THESE FORWARD-LOOKING STATEMENTS INCLUDE STATEMENTS REGARDING THE EXPECTED FUTURE PERFORMANCE OF SAEXPLORATION HOLDINGS, INC. (THE “COMPANY”). THESE FORWARD-LOOKING STATEMENTS INVOLVE SIGNIFICANT RISKS AND UNCERTAINTIES THAT COULD CAUSE THE ACTUAL RESULTS TO DIFFER MATERIALLY FROM THE EXPECTED RESULTS. MOST OF THESE FACTORS ARE OUTSIDE THE COMPANY’S CONTROL AND DIFFICULT TO PREDICT. THESE RISKS AND CONTINGENCIES INCLUDE FLUCTUATIONS IN THE LEVELS OF EXPLORATION AND DEVELOPMENT ACTIVITY IN THE OIL AND GAS INDUSTRY, INTENSE INDUSTRY COMPETITION, A LIMITED NUMBER OF CUSTOMERS, NEED TO MANAGE RAPID GROWTH, DELAYS, REDUCTIONS OR CANCELLATIONS OF SERVICE CONTRACTS, OPERATIONAL DISRUPTIONS DUE TO SEASONALITY, WEATHER AND OTHER EXTERNAL FACTORS, CREW PRODUCTIVITY, THE AVAILABILITY OF CAPITAL RESOURCES, SUBSTANTIAL INTERNATIONAL BUSINESS EXPOSING THE COMPANY TO CURRENCY FLUCTUATIONS AND GLOBAL FACTORS INCLUDING ECONOMIC, POLITICAL AND MILITARY UNCERTAINTIES, THE NEED TO COMPLY WITH DIVERSE AND COMPLEX LAWS AND REGULATIONS, AND OTHER FACTORS SET FORTH IN THE COMPANY’S FILINGS WITH THE SECURITIES AND EXCHANGE COMMISSION.
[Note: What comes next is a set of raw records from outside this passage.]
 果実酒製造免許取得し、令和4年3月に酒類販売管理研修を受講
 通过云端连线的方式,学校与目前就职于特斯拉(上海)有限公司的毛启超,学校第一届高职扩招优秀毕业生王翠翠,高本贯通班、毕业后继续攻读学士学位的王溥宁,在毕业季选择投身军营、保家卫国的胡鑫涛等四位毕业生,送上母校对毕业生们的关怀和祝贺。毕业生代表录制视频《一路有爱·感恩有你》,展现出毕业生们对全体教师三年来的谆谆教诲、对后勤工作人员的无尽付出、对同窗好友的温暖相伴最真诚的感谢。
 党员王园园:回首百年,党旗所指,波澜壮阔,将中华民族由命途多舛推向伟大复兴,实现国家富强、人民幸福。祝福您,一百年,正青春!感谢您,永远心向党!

THE FOREGOING LIST OF FACTORS IS NOT EXCLUSIVE. ALL SUBSEQUENT WRITTEN AND ORAL FORWARD-LOOKING STATEMENTS CONCERNING THE COMPANY AND ATTRIBUTABLE TO THE COMPANY OR ANY PERSON ACTING ON ITS BEHALF ARE EXPRESSLY QUALIFIED IN THEIR ENTIRETY BY THE CAUTIONARY STATEMENTS ABOVE. READERS ARE CAUTIONED NOT TO PLACE UNDUE RELIANCE UPON ANY FORWARD-LOOKING STATEMENTS, WHICH SPEAK ONLY AS OF THE DATE MADE. EXCEPT AS REQUIRED BY LAW, THE COMPANY DOES NOT UNDERTAKE OR ACCEPT ANY OBLIGATION OR UNDERTAKING TO RELEASE PUBLICLY ANY UPDATES OR REVISIONS TO ANY FORWARD-LOOKING STATEMENT TO REFLECT ANY CHANGE IN ITS EXPECTATIONS OR ANY CHANGE IN EVENTS, CONDITIONS OR CIRCUMSTANCES ON WHICH ANY SUCH STATEMENT IS BASED.
Item 1.01. Entry into a Material Definitive Agreement.
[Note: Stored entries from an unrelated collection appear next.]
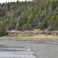 Le chemin passe à travers bois où de nombreux arbres sont couchés, les racines à l’air. La tempête occasionné par l'ouragan fiona de 2022 avait touché le nord de la Nouvelle Ecosse ainsi qu'une partie de Terre Neuve.
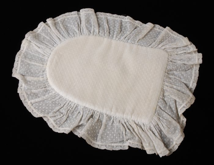 Serveerhandschoen, soort flanellen want (1) met erov...
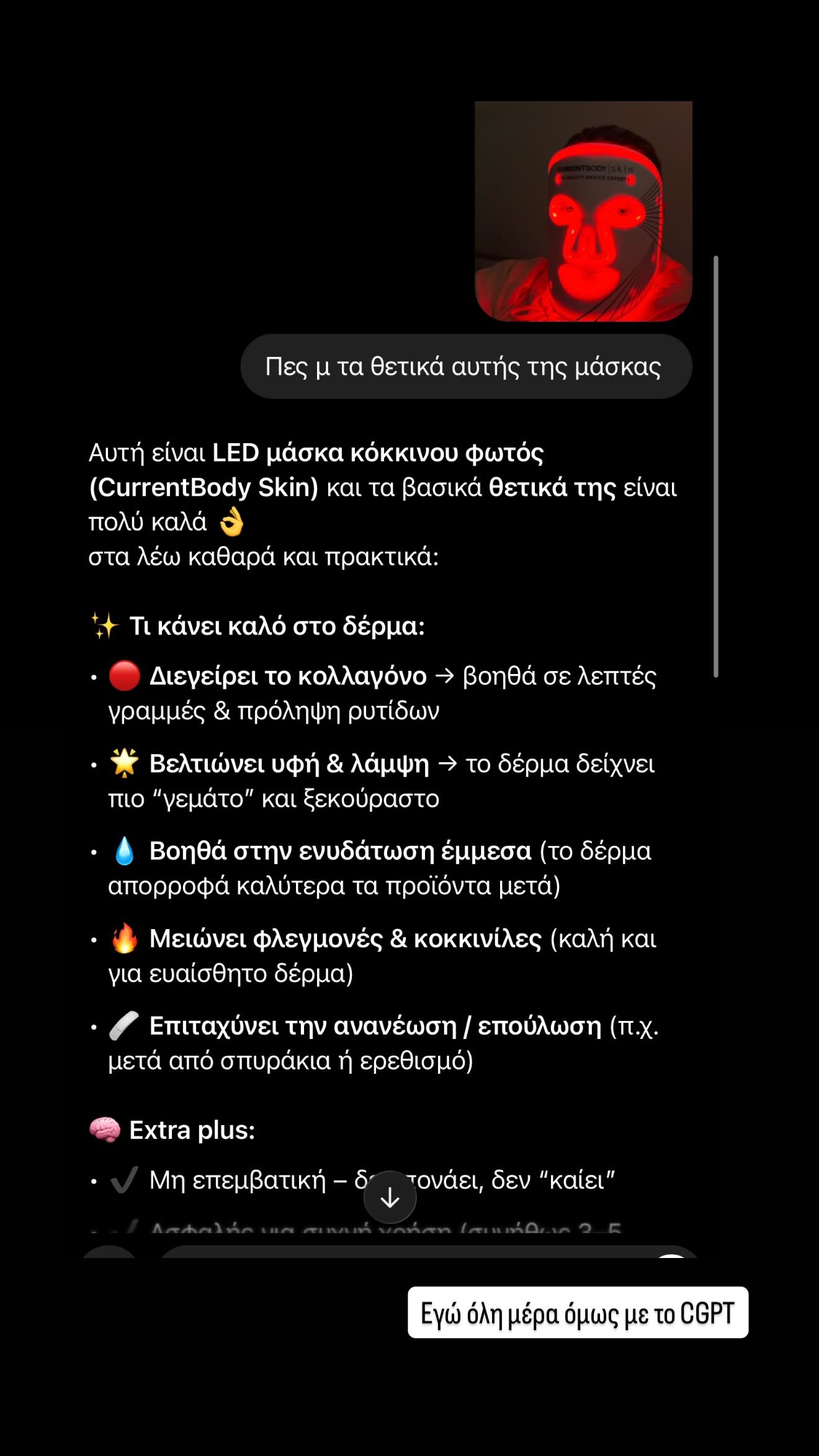 Σε δεύτερο story, η Γαρυφαλλιά Καληφώνη εξήγησε με τη βοήθεια του ChatGPT πως η led μάσκα κόκκινου φωτός:
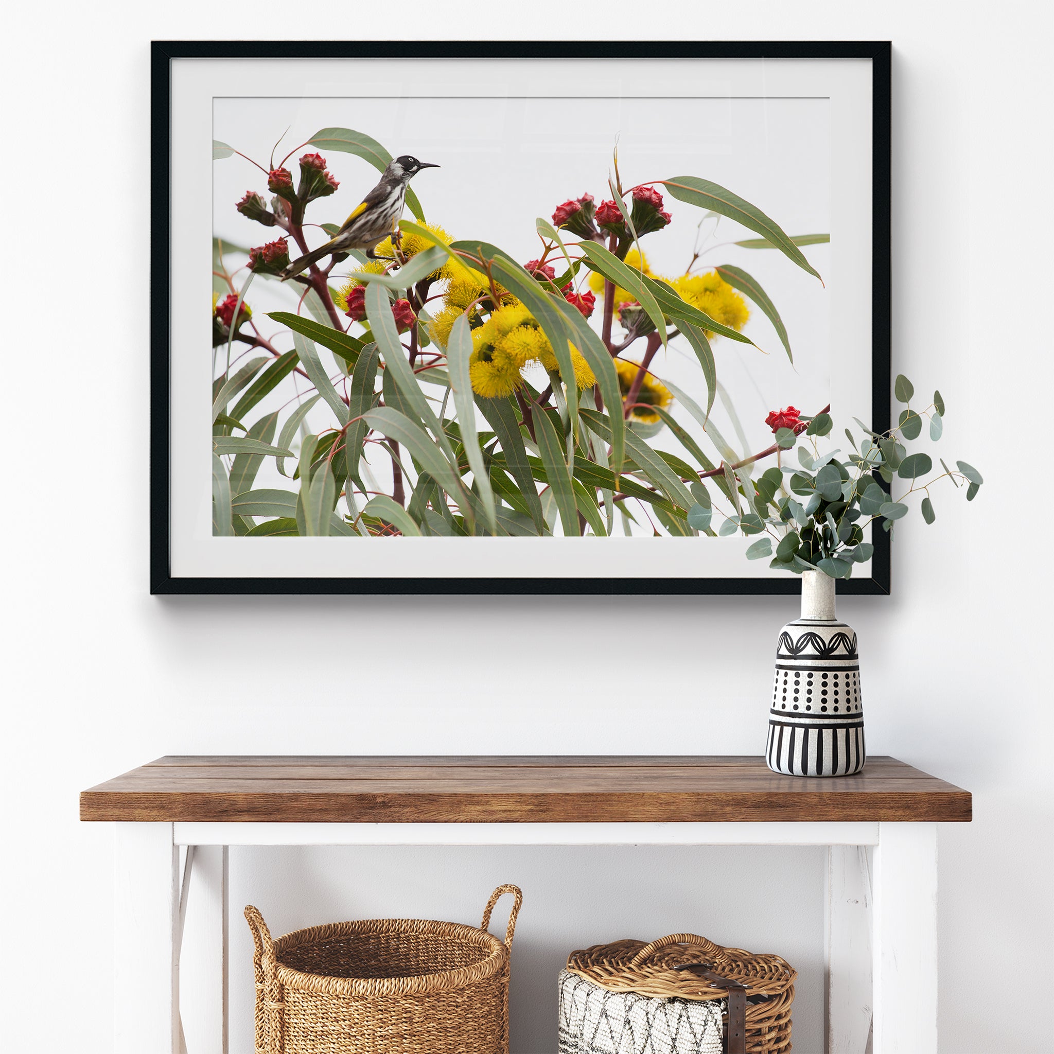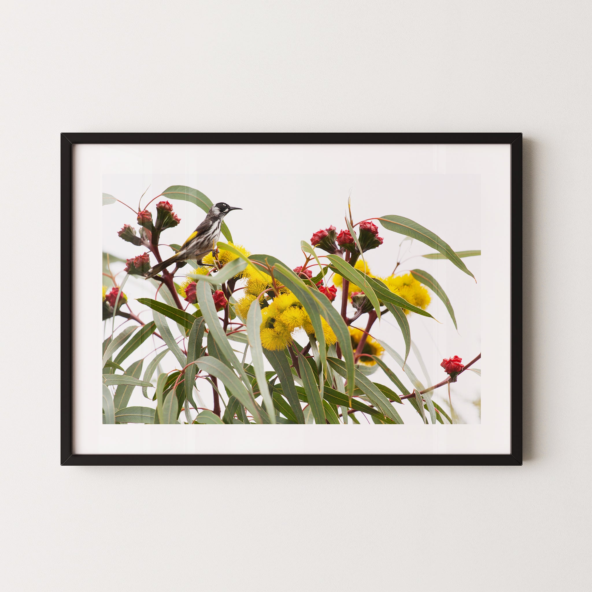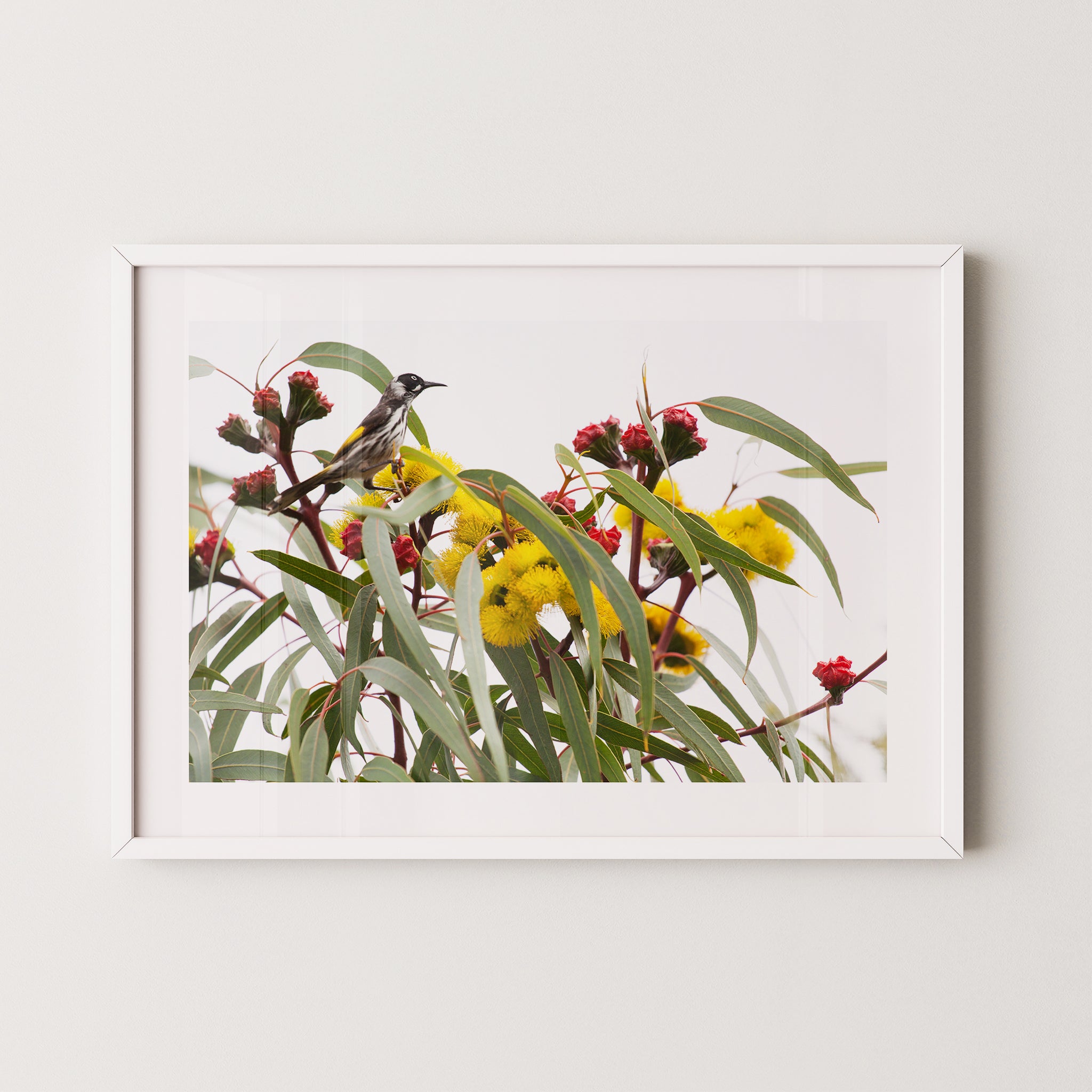 Illyarrie and honeyeater premium framed artwork by Australian Flora.
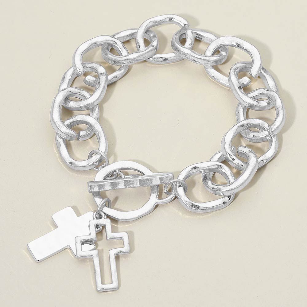 Details • Size : 0.6" H, 8" + 1" L • Charm Size : 1.1" L • Toggle Closure • Statement chain bracelet designed with bold rounded links and a secure toggle closure, finished with layered cross charms for added meaning and style. This bracelet delivers a strong yet refined look, perfect for everyday wear or stacking, offering timeless appeal, symbolic detail, and eye-catching dimension for modern jewelry collections. • Lead and Nickel Compliant
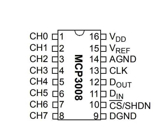 The MCP3008 10-bit Analog-to-Digital Converter (ADC) combines high performance and low power consumption in a small package, making it ideal for embedded control applications. The MCP3008 features a sequential register (SAR) architecture and an industry-standard SPI serial interface that allows 10-bit ADC capability to be added to any PIC® microcontroller. The MCP3008 features 200k samples per second, 8 input channels, low power consumption (5nA typical standby, 425µA typical active) and is available in 16-pin PDIP and SOIC packages. Applications for the MCP3008 include data acquisition, instrumentation and measurement, multi-channel data loggers, industrial PCs, motor control, robotics, industrial automation, smart sensors, portable instrumentation, and home medical devices.

On August 26, 2015, SAExploration Holdings, Inc. (the “Company”) entered into a privately-negotiated exchange agreement (the “Exchange Agreement”) with certain funds managed by Fidelity Management & Research Company which hold the Company’s 10% Senior Secured Notes due 2019 (the “Holders”). Pursuant to the Exchange Agreement, the Holders exchanged an aggregate $10.0 million principal amount of such notes (the “Exchanged Notes”) for 2,366,307 shares of the Company’s common stock (the “Exchange”), as determined using a 30-day volume weighted average share price as of the date the Exchange Agreement was entered into. In connection with the Exchange, the Company paid all accrued unpaid interest on the Exchanged Notes to the Holders in cash, and the Exchanged Notes were cancelled.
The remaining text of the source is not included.